Re: spamassassin - three basic questions

2003-02-22 Thread Anthony Campbell
On 21 Feb 2003, Glyn Millington wrote:
 Levi Waldron [EMAIL PROTECTED] writes:
 
  I actually find spamassassin runs pretty slowly on my K6-2/500MHz 384MB 
  machine (I know it's not real fast but not a dinosaur either).  It takes 
  about 5-10 seconds per message, so before I started filtering my debian-user 
  messages before processing, it was prohibitive.
 
 
 Have you tried running it as a daemon?  That speeds things up and reduces
 the load on the system.
 
 
 

It doesn't speed things up all that much for me. What does speed them,
however, is to use the L switch to allow local checking only.

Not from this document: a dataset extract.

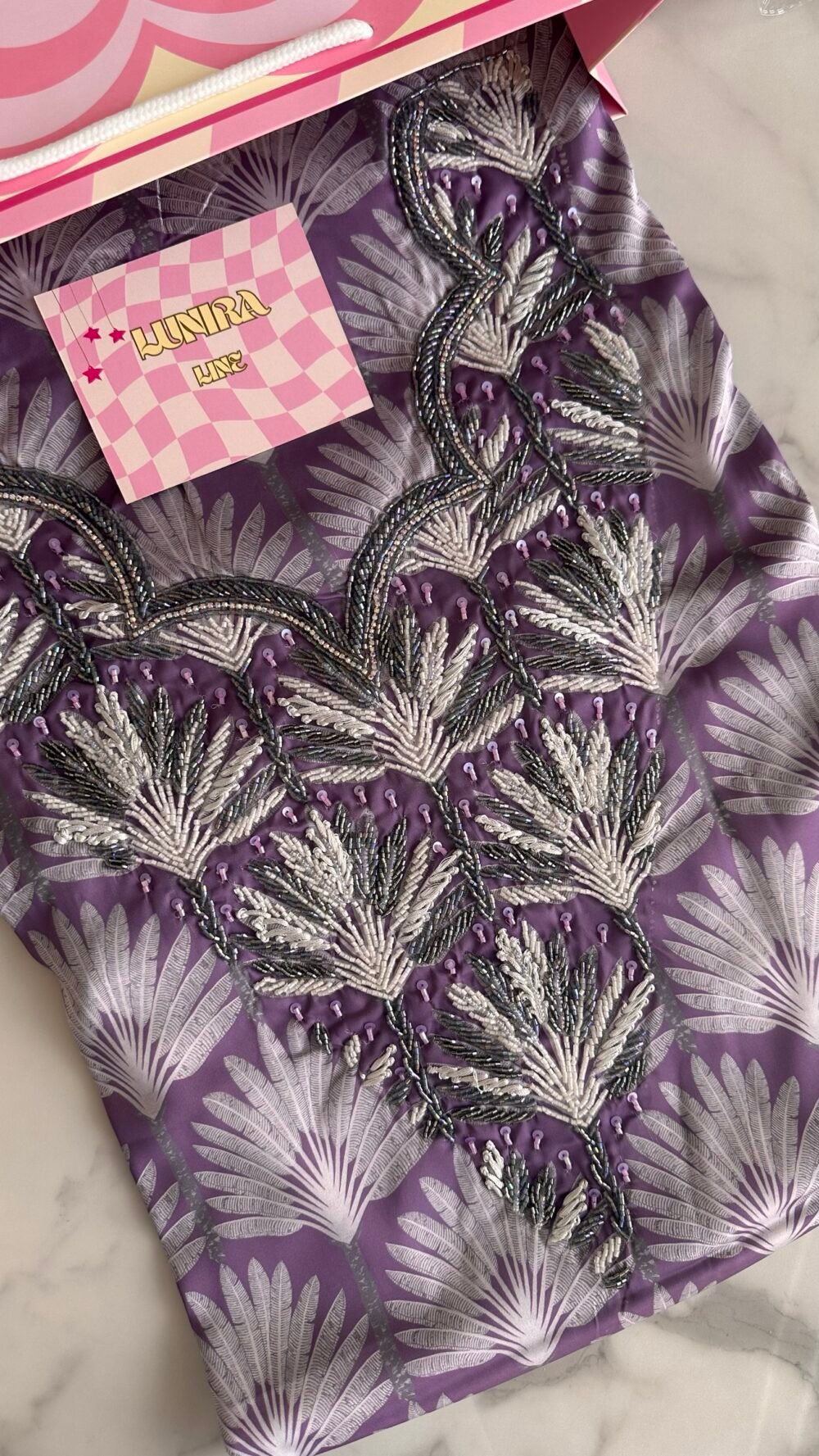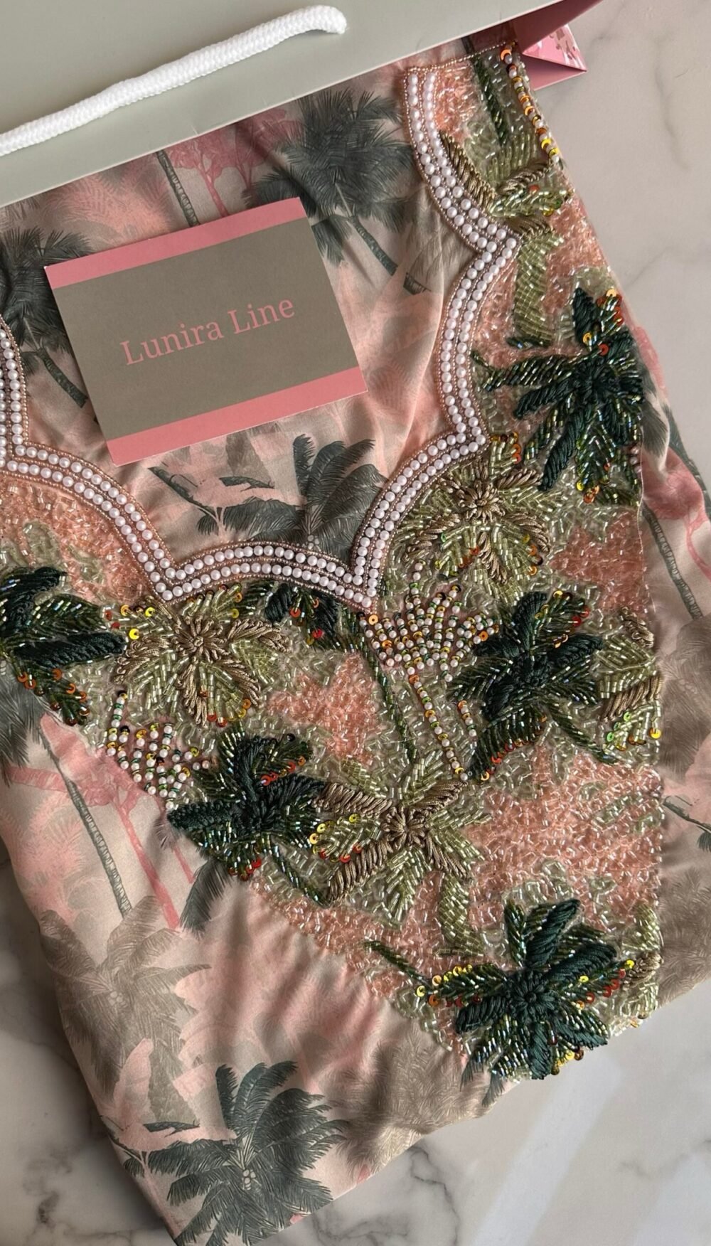 The fabric is Italian silk . The embroidery is hand-beaded with pearls, sequins, and nylon threads with high precision. Fabric length: 3.5 yards, with a double width. Neckline measurement: 8 inches in length and 7.5 inches in width.

This does
allow a few more spam messages to get through but I can live with that.
It still catches most of them.

AC

-- 
[EMAIL PROTECTED]||  http://www.acampbell.org.uk
using Linux GNU/Debian ||  for book reviews, electronic 
Windows-free zone  ||  books and skeptical articles


-- 
To UNSUBSCRIBE, email to [EMAIL PROTECTED] 
with a subject of unsubscribe. Trouble? Contact [EMAIL PROTECTED]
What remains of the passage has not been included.